[Items from a dataset]
□ □ □ □ □
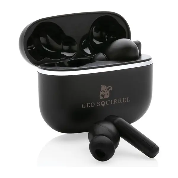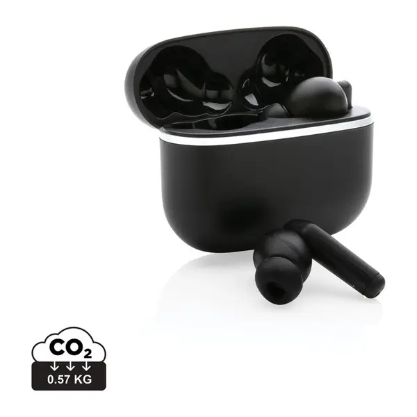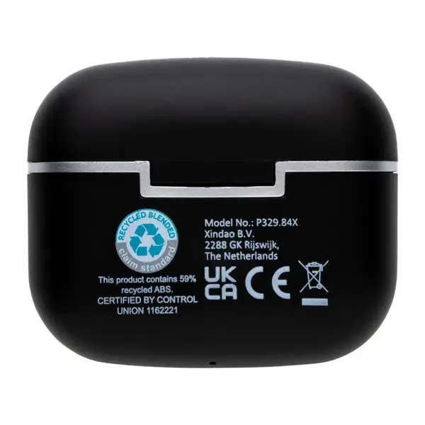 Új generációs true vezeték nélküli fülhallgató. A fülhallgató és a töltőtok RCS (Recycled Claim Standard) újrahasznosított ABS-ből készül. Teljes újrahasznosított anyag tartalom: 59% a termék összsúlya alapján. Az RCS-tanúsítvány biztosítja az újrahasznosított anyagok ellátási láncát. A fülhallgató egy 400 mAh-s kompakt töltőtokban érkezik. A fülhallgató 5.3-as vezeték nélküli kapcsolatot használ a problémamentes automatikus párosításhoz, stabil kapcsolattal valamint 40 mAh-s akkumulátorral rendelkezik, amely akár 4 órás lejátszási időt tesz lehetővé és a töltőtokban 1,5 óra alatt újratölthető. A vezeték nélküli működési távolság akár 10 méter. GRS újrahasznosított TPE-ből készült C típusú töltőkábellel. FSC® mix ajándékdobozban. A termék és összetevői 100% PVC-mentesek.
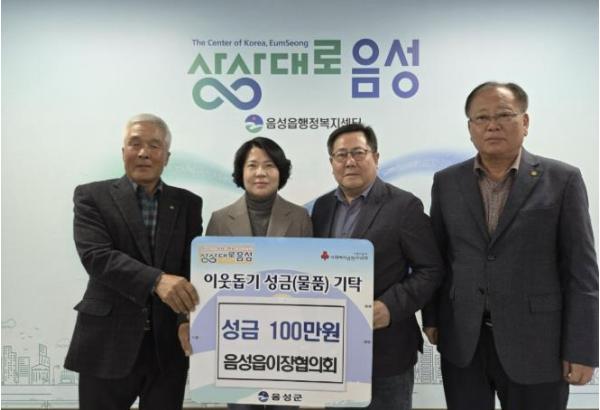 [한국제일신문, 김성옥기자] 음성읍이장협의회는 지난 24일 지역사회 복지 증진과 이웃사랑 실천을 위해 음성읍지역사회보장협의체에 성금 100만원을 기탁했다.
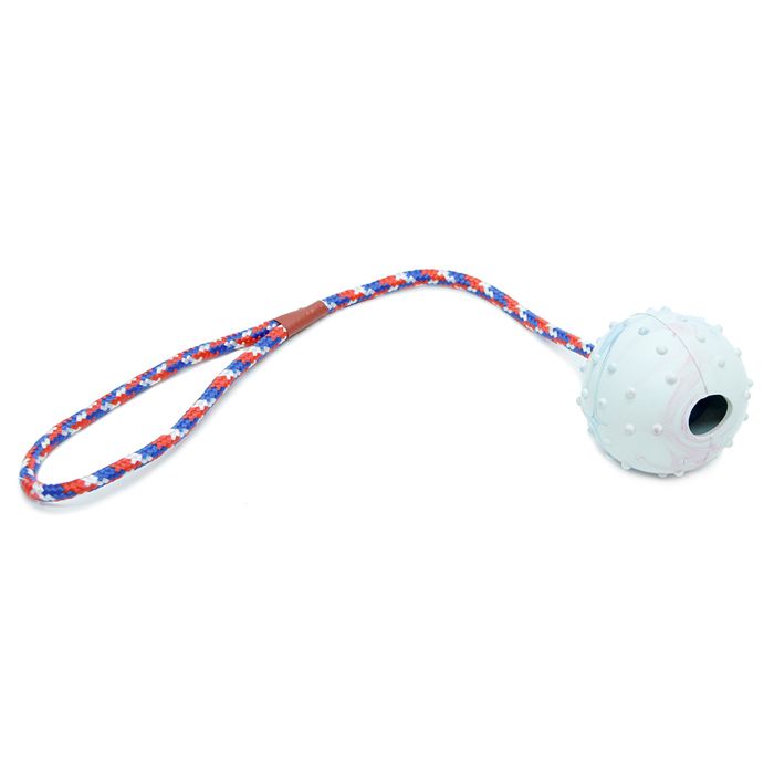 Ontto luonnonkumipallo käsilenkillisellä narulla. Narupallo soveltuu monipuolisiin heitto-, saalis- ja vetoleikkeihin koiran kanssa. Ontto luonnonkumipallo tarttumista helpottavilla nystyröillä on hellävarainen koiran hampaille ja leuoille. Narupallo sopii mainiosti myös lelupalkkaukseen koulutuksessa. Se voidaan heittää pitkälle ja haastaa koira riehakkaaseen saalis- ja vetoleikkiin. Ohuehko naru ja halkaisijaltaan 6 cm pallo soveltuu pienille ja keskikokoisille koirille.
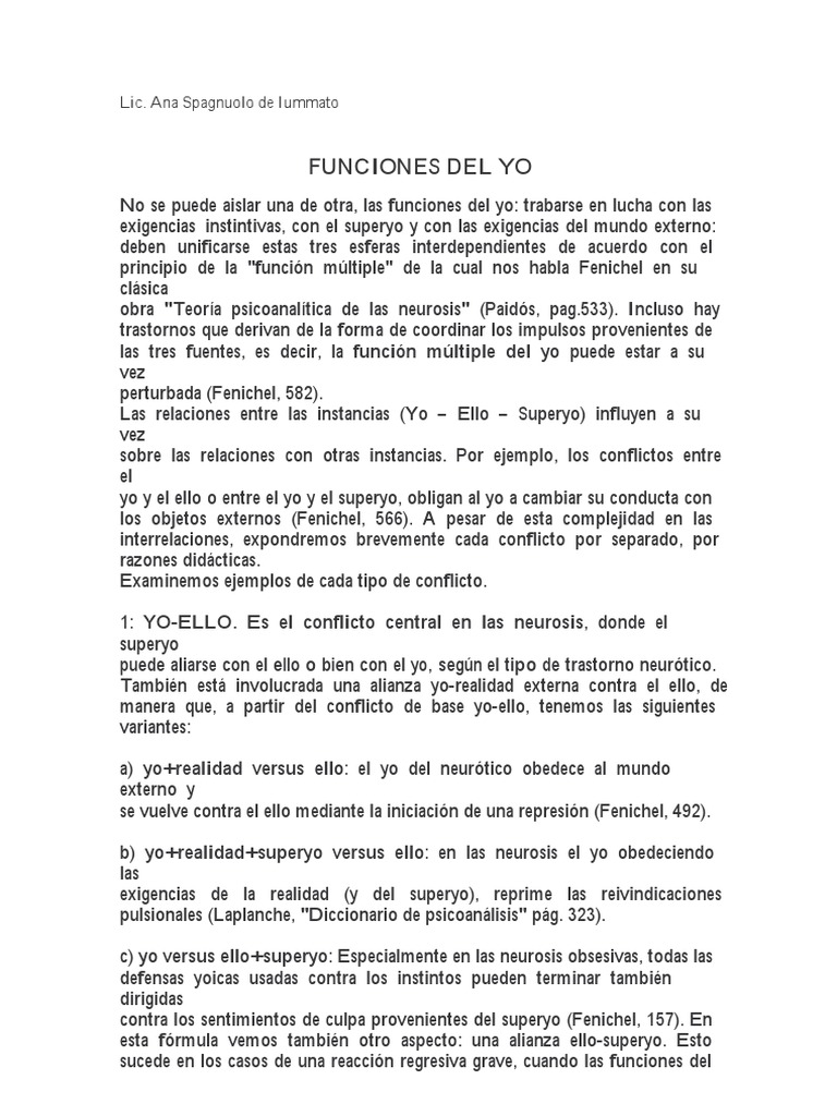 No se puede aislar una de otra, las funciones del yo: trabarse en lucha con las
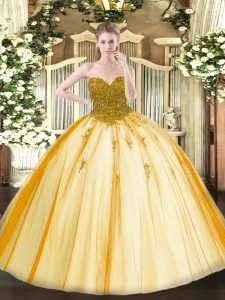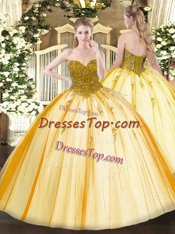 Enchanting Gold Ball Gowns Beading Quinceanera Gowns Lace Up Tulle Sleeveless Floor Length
□ □ □ □ □
◆ EXERCISE DESCRIPTION
Look above for the line with "[한국제일신문, 김성옥기자] 음성읍이장협의회는" and the line with "Ontto luonnonkumipallo käsilenkillisellä". Copy them and every line between, exactly, but no pictures.

◆ ANSWER BELOW
 [한국제일신문, 김성옥기자] 음성읍이장협의회는 지난 24일 지역사회 복지 증진과 이웃사랑 실천을 위해 음성읍지역사회보장협의체에 성금 100만원을 기탁했다.
 Ontto luonnonkumipallo käsilenkillisellä narulla. Narupallo soveltuu monipuolisiin heitto-, saalis- ja vetoleikkeihin koiran kanssa. Ontto luonnonkumipallo tarttumista helpottavilla nystyröillä on hellävarainen koiran hampaille ja leuoille. Narupallo sopii mainiosti myös lelupalkkaukseen koulutuksessa. Se voidaan heittää pitkälle ja haastaa koira riehakkaaseen saalis- ja vetoleikkiin. Ohuehko naru ja halkaisijaltaan 6 cm pallo soveltuu pienille ja keskikokoisille koirille.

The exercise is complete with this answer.